**COLLECTED MATERIAL**
--------------------------------------------------

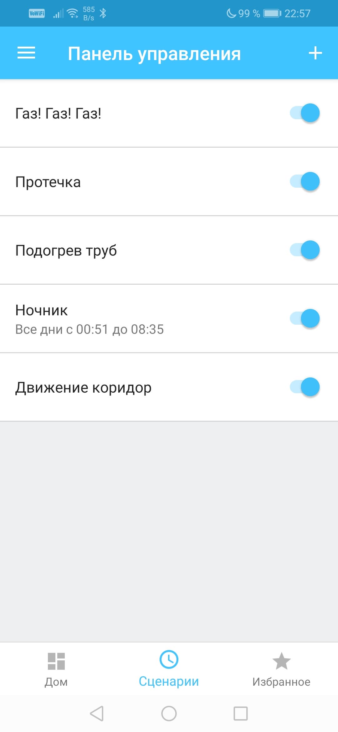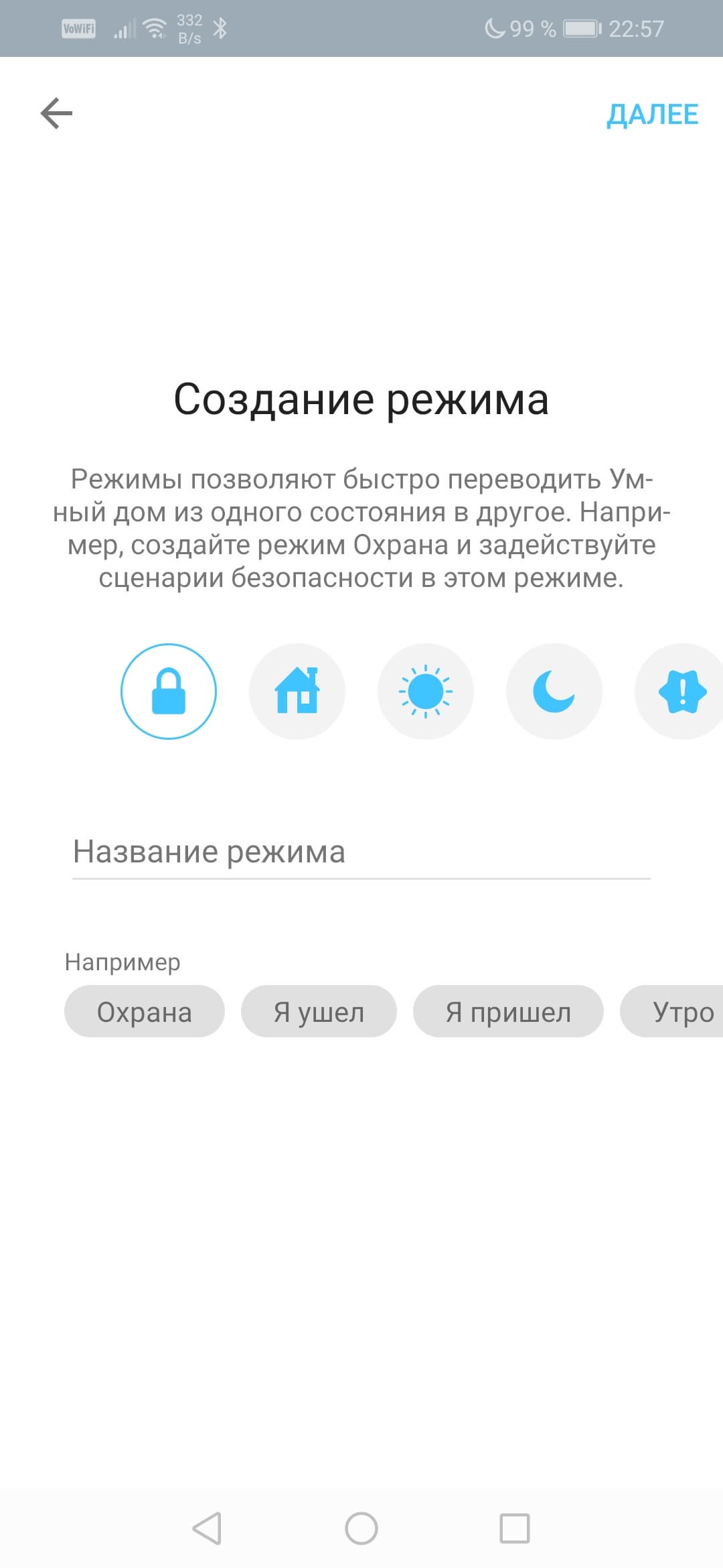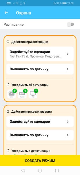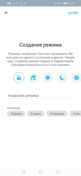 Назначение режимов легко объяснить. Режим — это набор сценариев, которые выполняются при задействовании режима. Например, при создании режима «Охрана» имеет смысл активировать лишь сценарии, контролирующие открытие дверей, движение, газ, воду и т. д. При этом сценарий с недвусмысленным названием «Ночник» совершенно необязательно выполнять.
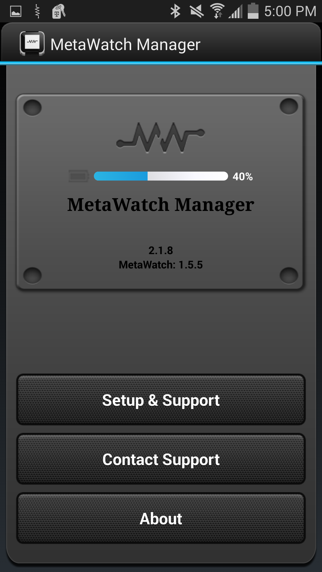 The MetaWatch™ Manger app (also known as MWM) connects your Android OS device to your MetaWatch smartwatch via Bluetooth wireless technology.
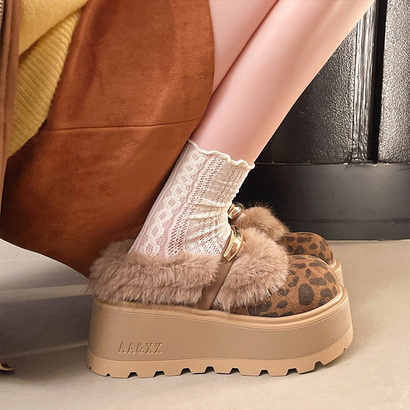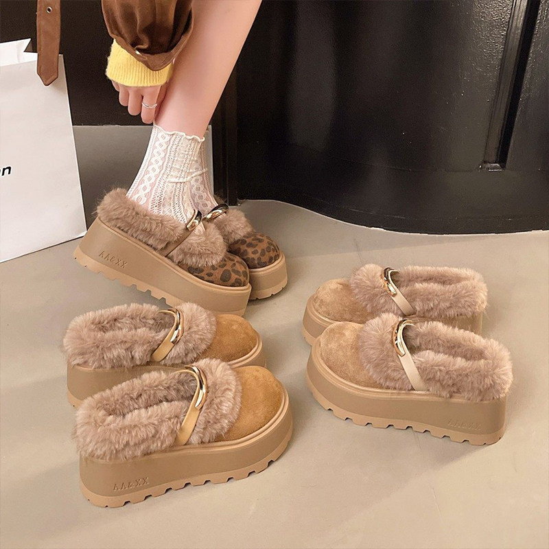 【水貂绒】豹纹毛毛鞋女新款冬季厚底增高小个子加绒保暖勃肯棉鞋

--------------------------------------------------

**WHAT YOU SHOULD DO**
With the pictures omitted, reproduce the data above exactly.

**ANSWER TO THE EXERCISE**
 Назначение режимов легко объяснить. Режим — это набор сценариев, которые выполняются при задействовании режима. Например, при создании режима «Охрана» имеет смысл активировать лишь сценарии, контролирующие открытие дверей, движение, газ, воду и т. д. При этом сценарий с недвусмысленным названием «Ночник» совершенно необязательно выполнять.
 The MetaWatch™ Manger app (also known as MWM) connects your Android OS device to your MetaWatch smartwatch via Bluetooth wireless technology.
 【水貂绒】豹纹毛毛鞋女新款冬季厚底增高小个子加绒保暖勃肯棉鞋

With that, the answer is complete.